Prime and M\"obius correlations for very short intervals in $\mathbb{F}_q[x]$

TL;DR

This paper studies the distribution of primes and M"obius function correlations in very short intervals over function fields, revealing conditions for independence and examples of failure, with implications for analogs of classical number theory conjectures.

Contribution

It establishes new results on prime distribution and M"obius correlations in function fields, including independence conditions and counterexamples, extending classical conjectures to this setting.

Findings

Independence holds for generic Morse polynomials.

Examples show failure of independence in certain cases.
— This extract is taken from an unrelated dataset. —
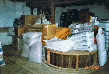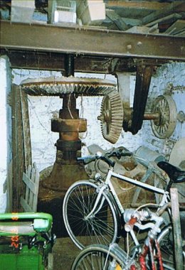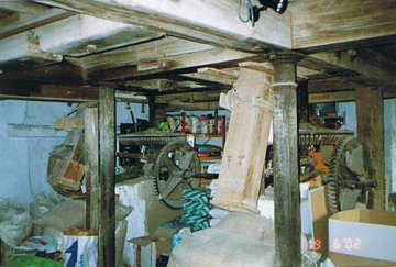 Het binnenwerk, met twee steenkoppels, en de turbine zijn nog aanwezig.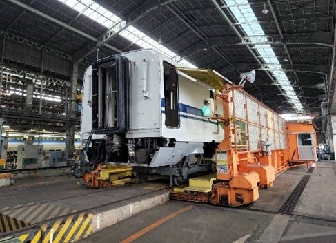 新幹線の検査を工場内で行うために新幹線を1両ずつ切り離して移動させる装置である、トラバーサによる新幹線車両の移動を見学いただきます。

Square root cancellation in M"obius sums is equivalent to that in Chowla sums.

Abstract

We investigate function field analogs of the distribution of primes, and prime $k$-tuples, in "very short intervals" of the form $I(f) := \{ f(x) + a : a \in \mathbb{F}_p \}$ for $f(x) \in \mathbb{F}_p[x]$ and $p$ prime, as well as cancellation in sums of function field analogs of the M\"obius $\mu$ function and its correlations (similar to sums appearing in Chowla's conjecture). For generic $f$, i.e., for $f$ a Morse polynomial, the error terms are roughly of size $O(\sqrt{p})$ (with typical main terms of order $p$). For non-generic $f$ we prove that independence still holds for "generic" set of shifts. We can also exhibit examples for which there is no cancellation at all in M\"obius/Chowla type sums (in fact, it turns out that (square root) cancellation in M\"obius sums is {\em equivalent} to (square root) cancellation in Chowla type sums), as well as intervals where the heuristic "primes are independent" fails badly. The results are deduced from a general theorem on correlations of arithmetic class functions; these include characteristic functions on primes, the M\"obius $\mu$ function, and divisor functions (e.g., function field analogs of the Titchmarsh divisor problem can be treated.) We also prove analogous, but slightly weaker, results in the more delicate fixed characteristic setting, i.e., for $f(x) \in \mathbb{F}_q[x]$ and intervals of the form $f(x) +a$ for $a \in \mathbb{F}_q$, where $p$ is fixed and $q=p^{l}$ grows.